If, says Paul, this is to serve as a convenient picture of your relation to God’s covenant, the question arises as to which side you are on. This is the consequence of seeking to give yourself a precedent to justify your desire to be “under the law”. It is completely ill- conceived. To read one’s standing before God in this way simply endorses a view of Mt Sinai that bearing children is for slavery. That part of the Torah, that accommodates the weakness of the People of Promise, would thereby become the grounds for tyranny.

And so, such a zeal to find a precedent leads nowhere else but to Arabia, to Mt Sinai, that place where the Lord brings to Himself all His over-zealous servants, graciously showing them how hopeless it is to try to bring God’s promises to fulfillment by the flesh! (see I Kings 19).

Mt Sinai, through the law given by Moses, reveals Sarah’s imperious impositions upon Hagar and her own husband; it reveals Abraham’s “returning to the weak and beggarly elements” (4:9) which are, in fact, the inheritance of those who rely upon the flesh, and, yes, it also confirms God’s judgment upon Hagar’s opposition to the child of Promise – as well as confirming His mercy to her and her son (Genesis 21:8-21). It is the story of the long-suffering patience of the Lord who keeps His promises. Paul makes it plain – “our mother” he says, “is the Jerusalem from above which is free” (verse 26). To take Sarah’s side in the way the Galatians were seeking to do, will mean demanding, in time, the expulsion of those who are not descended in the flesh from Sarah herself (Genesis 21:10)!

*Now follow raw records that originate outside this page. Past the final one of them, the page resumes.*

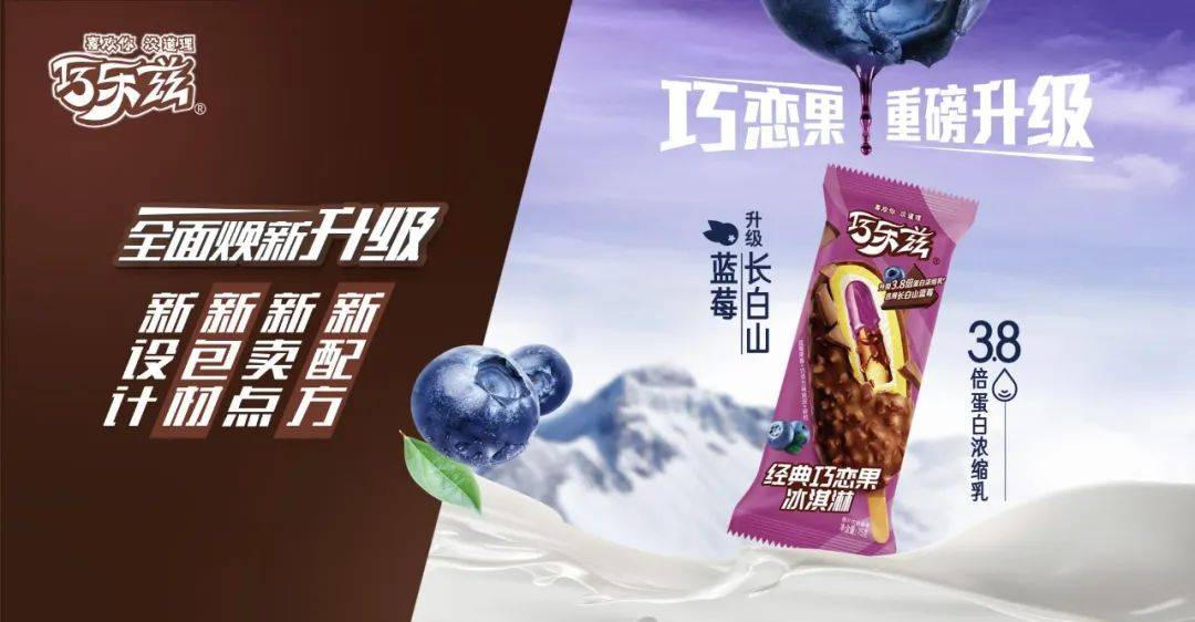 其次,原料选择上,巧乐兹采用更高端、更优质的食材。在经典巧恋果中,内芯升级甄选来自北纬42度长白山腹地的蓝莓果酱。具有得天独厚天然生长环境优势的长白山,孕育出风味独特的长白山蓝莓,其果实饱满,酸甜适宜,口感极佳,为消费者带来崭新的感官体验。此次升级不仅优化了口味和口感,还迎合了高端化品质化的行业趋势,进一步增强了产品和品牌的的价值感。
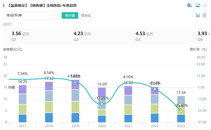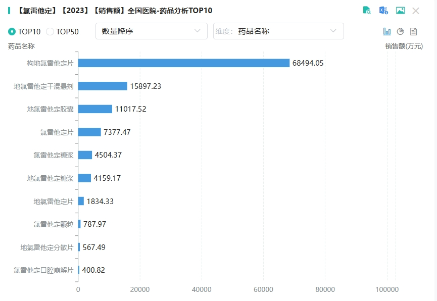 从在全国院内市场来看,氯雷他定相关品种的销售表现尤为亮眼。其总销售峰值超18亿元,显示出强大的市场潜力。2023年(截至Q3),氯雷他定相关品种的销售额已接近12亿元,表明其在抗过敏药物市场应用前景乐观。
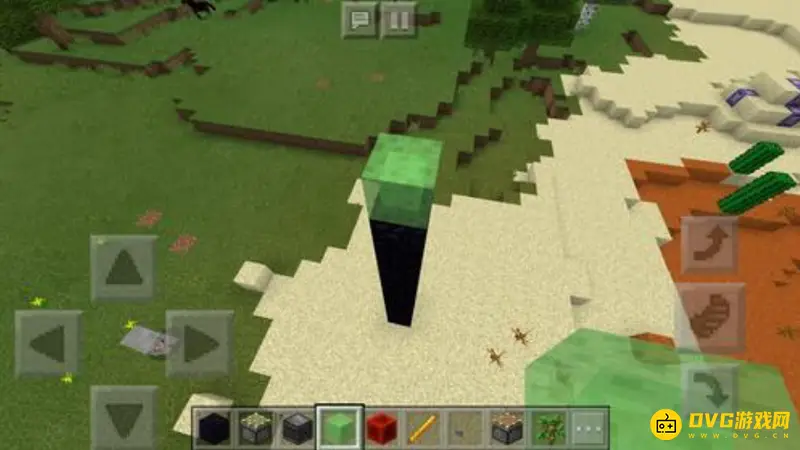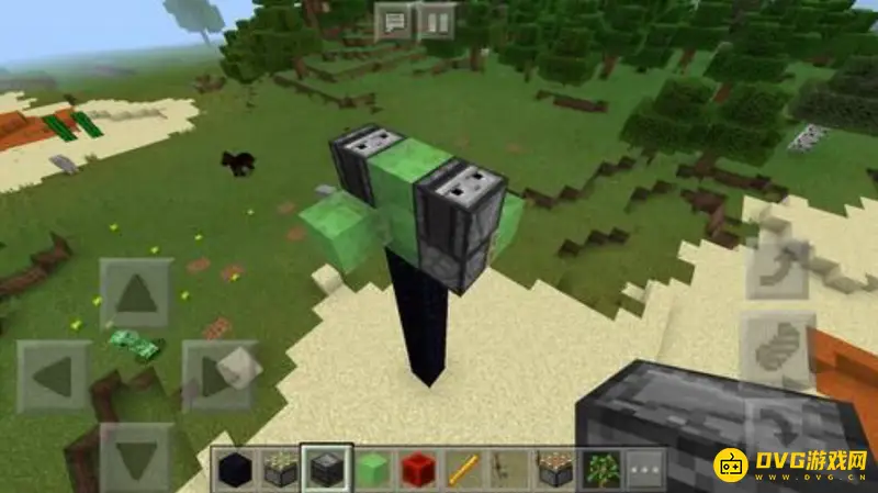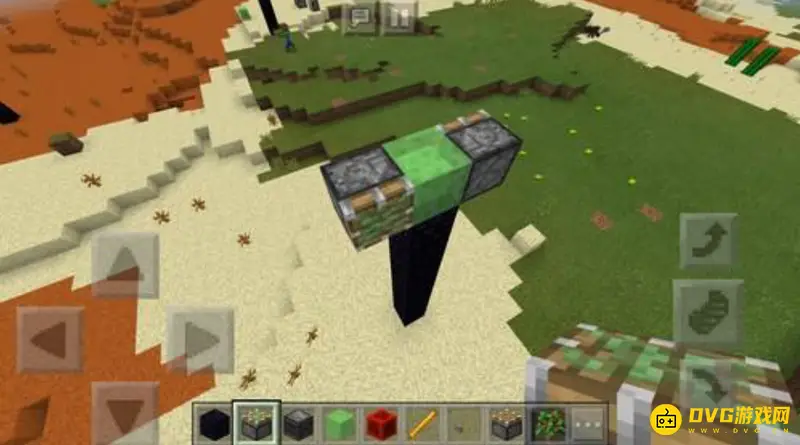 1、我们最先找到一个空旷的地方,然后用黑曜石搭建一个支柱。如下图所示:

But we also see that the casting out of Ishmael was not that he would die, but that the Lord would deal with him in His own way. Ishmael’s life was not to unfold as the persecution of the child of promise. And meanwhile, Sarah is freed to care for the child God had promised, not just to Abraham and Sarah, but from whom all nations would be blessed.

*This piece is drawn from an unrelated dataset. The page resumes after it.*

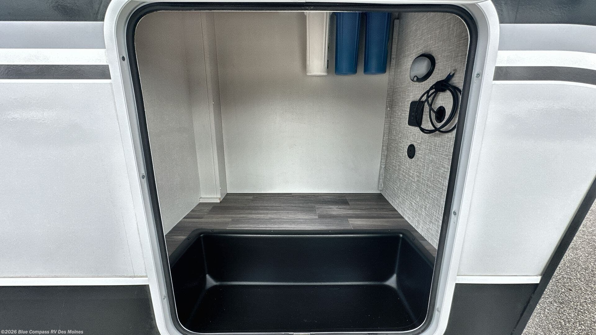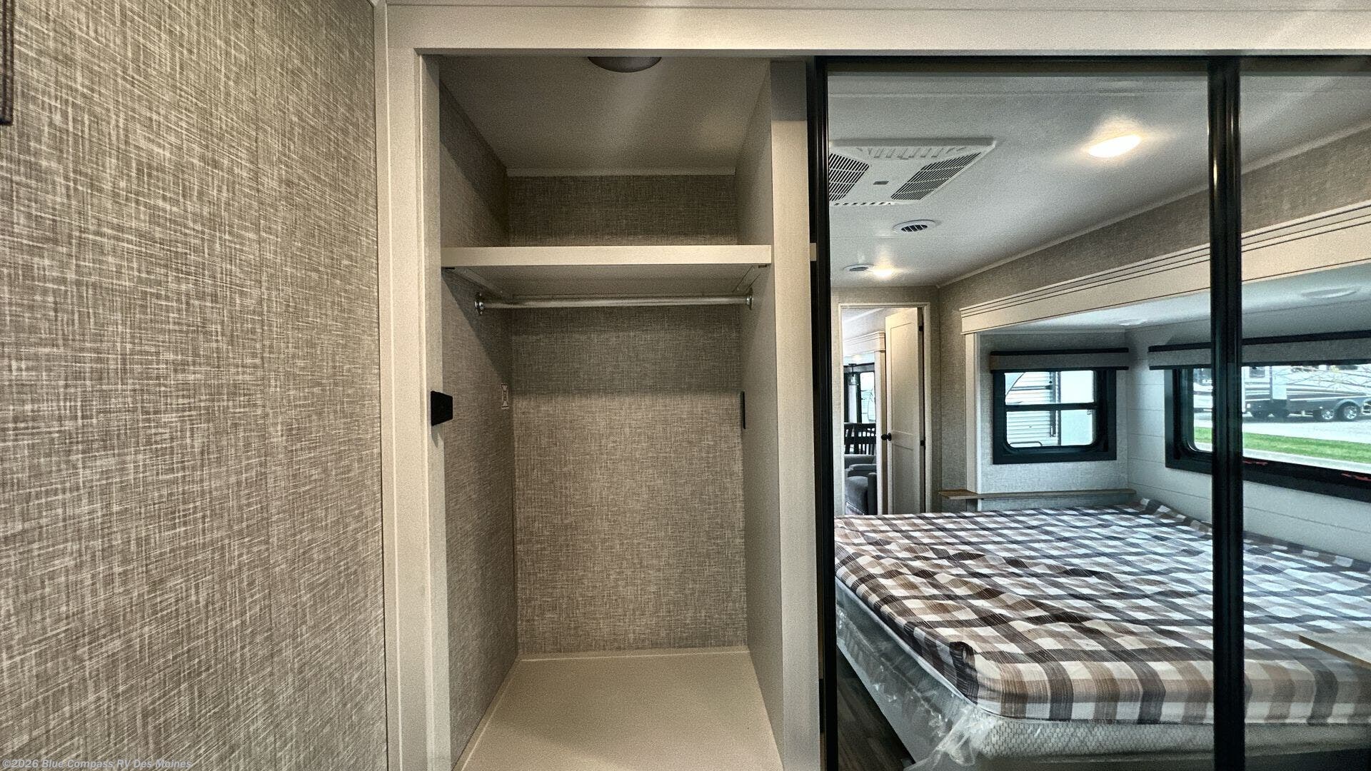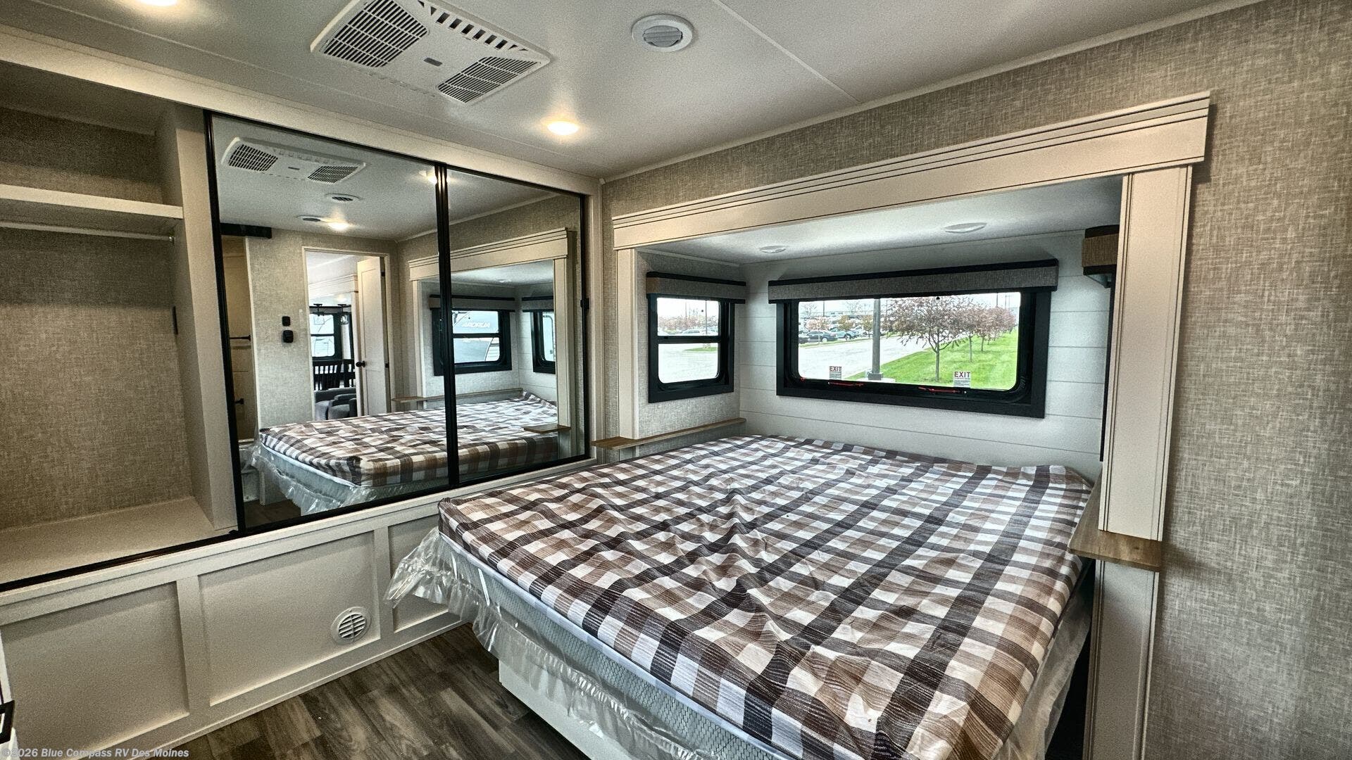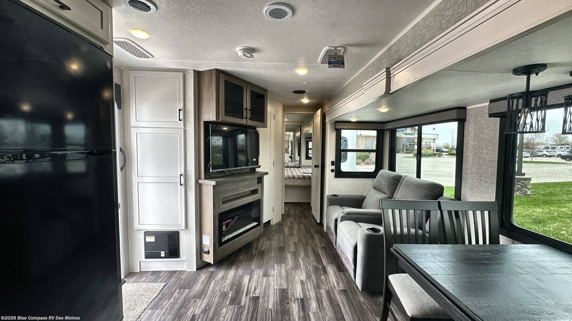 Escape the busyness of life for tranquil trips to the campground with this trailer. You will love the front kitchen with generous counter space, GE appliances, and a pantry by the entryway that can be used for food and more. If you're all hiked out, stay inside to relax on the theater seat across from the fireplace and entertainment center. There is also a free-standing table to dine at or play a game of cards. The dual entry bath will create a rear master suite, complete with a 66" x 80" Olympic queen bed across from a dresser, a private exit door, plus a full-width wardrobe with washer and dryer prep!
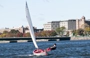 Neil T. Forrester ’12 steadies his boat during the 18th Annual Brass Rat Regatta on Saturday morning. Over 30 current and former members of MIT Sailing showed up for the race.

So, says Paul, choose! Do you really and truly want to put yourself under the law after Christ has set you free? Allegories aside, you are either children of the covenant of slavery or of the covenant of Promise. In this choice you are taking a stand: either it will be in the flesh, to side with those who persecute those who, by faith, receive the Promise [see the outworking of this in the reference to the possibility of “biting and devouring each other” (5:15)] – or you will be given grace to wait for the Spirit and honour God’s blessing of those “outside” the line of Isaac because His sure promise to Abraham, to say it again, is that all the peoples of the earth will be blessed in the One Promised (Genesis 21:15-21).

Scripture is plain – God’s promise does not come by way of our inherited weakness due to sin – the way of the flesh – but by the Spirit. The connivances of those claiming God’s promises as fulfillment of their willing bondage to the “weak and beggarly elements” of our creatureliness apart from God, do not stop God from working His purposes out. The mere advocacy of works of the law does not prevent Him from giving right standing before Him to anyone He wills. But to insist that works of the law are necessary for God to keep His promise is to depart from one’s spiritual freedom in Christ and to embrace the slavery of the flesh. It is merely a foolish deceit (3:1).